Ever since Juno blew me away at the cinema I’ve been fascinated by Diablo Cody’s work as a screenwriter. She’s always worked best delving into the dramas playing out in suburban homes across America, transforming what may be mundane into the witty and heartfelt.
While Juno dealt with the impact of pregnancy, Tully focuses on the immediacy of raising an infant. Marlo (Charlize Theron) already has two kids with her husband Drew (Ron Livingston), and her hands full with ‘quirky’ son Jonah (Asher Miles Fallica). Her more affluent brother Craig (Mark Duplass) offers to hire a night nanny to help look after her newborn third child Mia, which is where the free spirit Tully (Mackenzie Davis) comes into her life.
What could become a The Hand That Rocks The Cradle actually turns into a female Fight Club, Marlo entranced by this carefree waif that she once was and aspires to be again. This role as Tully is something of a reversal from Mackenzie Davis’ role as the skittish and repressed Yorkie of the San Junipero episode of Black Mirror, yet she is able to capture the carefree youth that threatens and inspires Marlo with aplomb.
This film combines Marlo’s understandable desires to escape with its own real desire to capture what it can really mean to be a mother in difficult financial circumstances.

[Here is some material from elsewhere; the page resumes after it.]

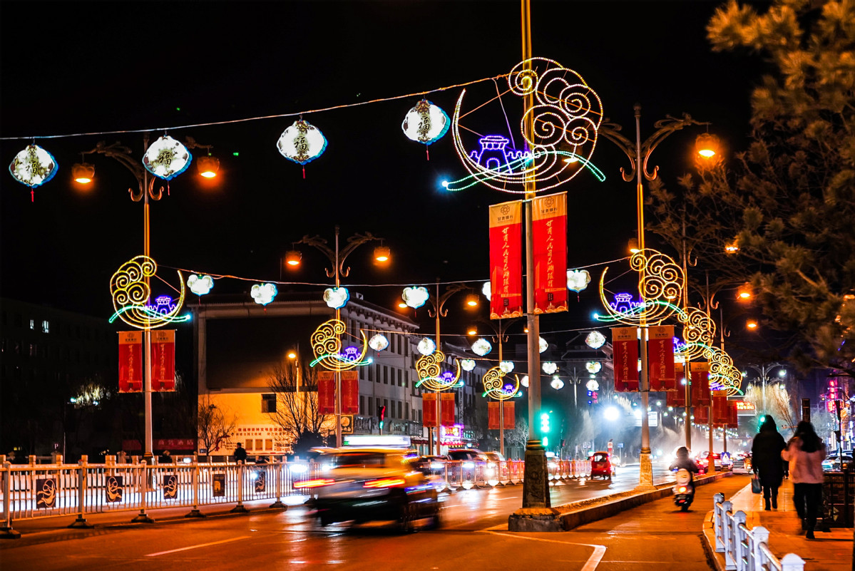 1月25日晚,甘肅省敦煌市“人類敦煌·心向往之”2022年新春文化燈展布置完成并亮燈,古郡敦煌大街小巷燈火輝煌,文化彩燈點亮古郡夜空。

Especially in early scenes after Mia’s birth and in montages throughout, director Jason Reitman is able to capture the exhausting, grinding strain of motherhood in which women must suffer in a matter-of-fact way the world over. That what Marlo is watching on television is so far removed from her life feels like a comment on how rarely being this sort of mother is addressed in popular culture.
Theron remains a paragon of beauty in Hollywood, and in her dedication to convincingly playing an exhausted and downbeat mother in Tully she gained fifty pounds for the role. It’s not quite as extreme as her physical transformation for Monster, but it is indicative of a convincing, heartfelt performance.
Like Theron’s role in previous Cody/Reitman collaboration Young Adult here she is able to brilliantly capture the fears of ageing and the dull pains hidden beneath fanciful pursuits (in this case dreaming of mermaids and watching reality TV about gigolos). The wit and preciousness of Juno McGuff may start to grate when revisited, but Theron’s Marlo feels more grounded in the real world and able to use her zingers sparingly (‘My son is quirky? Like a pocket watch?’).
An issue comes with the relationship between her husband and brother. They look and act the same, but for reasons unclear they hate each other. Cody may have deliberately focused on fleshing out the relationship between Marlo and Tully, though this has ultimately left the male supporting underwritten. This also stretches to the relationship with Tully and her son Jonah, which can be affecting but can also take on the same familiar strains found in The Babadook and many more.
Tully is another accomplished work from Cody and Reitman, especially in the first half when raising three kids while a husband sleeps, works and games is confronted without blinking. I sincerely hope for success in this original and memorable film, and that it finds the audience that their previous work Young Adult largely failed to do.